I also have 2 clowns now -- my Ocellaris Clowns, they don't touch mysis shrimp at all. They love the new spectrum stuff though. My Angel still doesn't touch the stuff. I'm just afraid he's either not acclimated with the tank yet, or just scared to eat. I spot feed so I try to train them to take the food in 1 area each time I come up.

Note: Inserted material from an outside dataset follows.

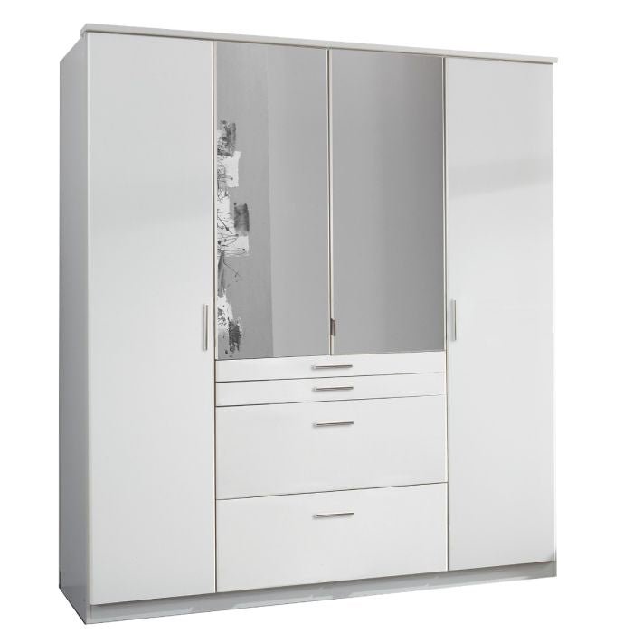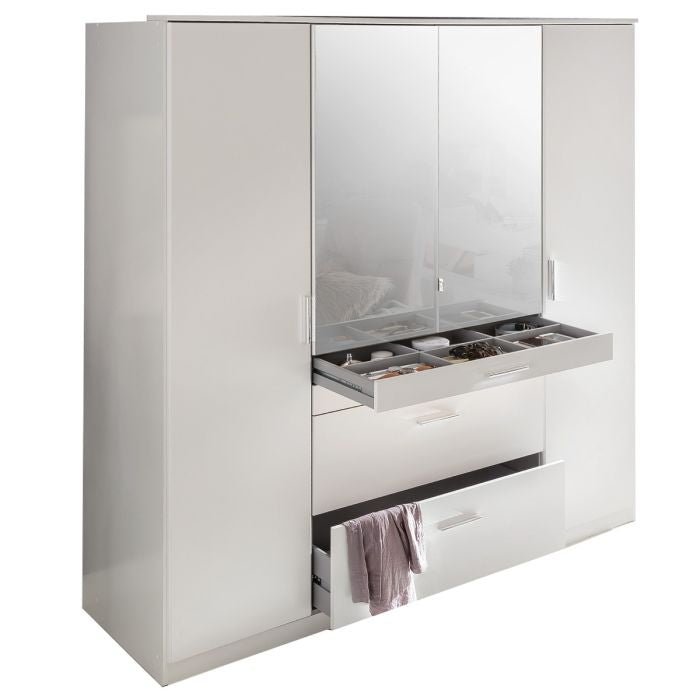 Designed for balanced storage and everyday practicality, the ACORN 4 Door Mirrored Wardrobe – 180cm in White combines hanging space, shelving, and integrated drawers within a clean, modern silhouette.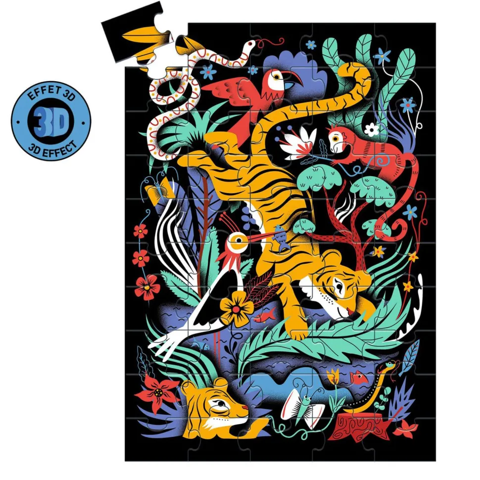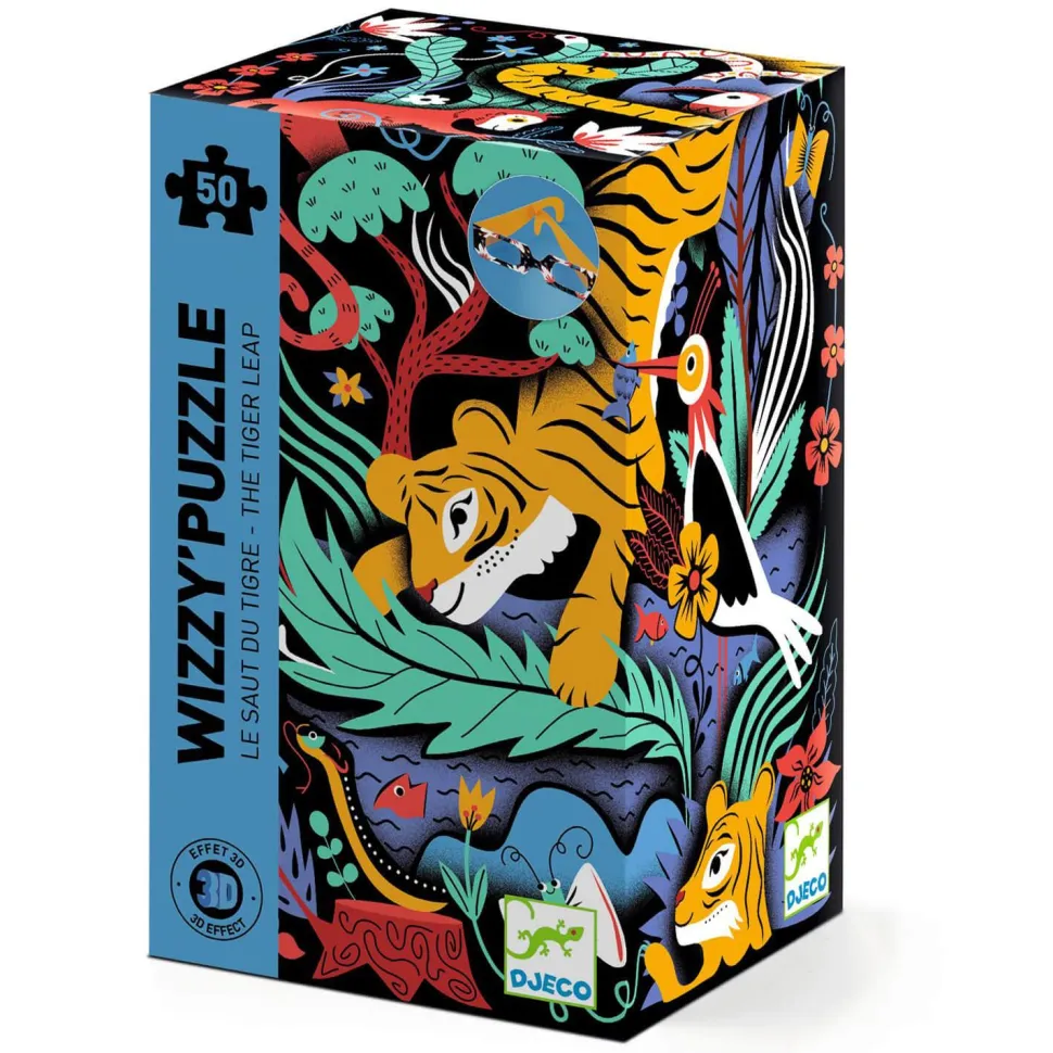 Caractéristiques détaillées : Puzzle 50 pièces effet 3D : Le saut du tigre

I want them off the pellets, but don't think that'll be the case -- anyway I can wean all my fish into eating the mysis shrimp instead of prepared food? I want to try that route since i heard it's the best nutrition there is for these fish.

What am I doing wrong?


----------



## Pasfur (Mar 29, 2008)

Flames can be a bit shy when first introduced. Try brine shrimp, and allow it to get caught in the current and spread across the tank. I would not be worried at all yet.


----------



## CamryDS (Oct 5, 2009)

Pasfur said:


> Flames can be a bit shy when first introduced. Try brine shrimp, and allow it to get caught in the current and spread across the tank. I would not be worried at all yet.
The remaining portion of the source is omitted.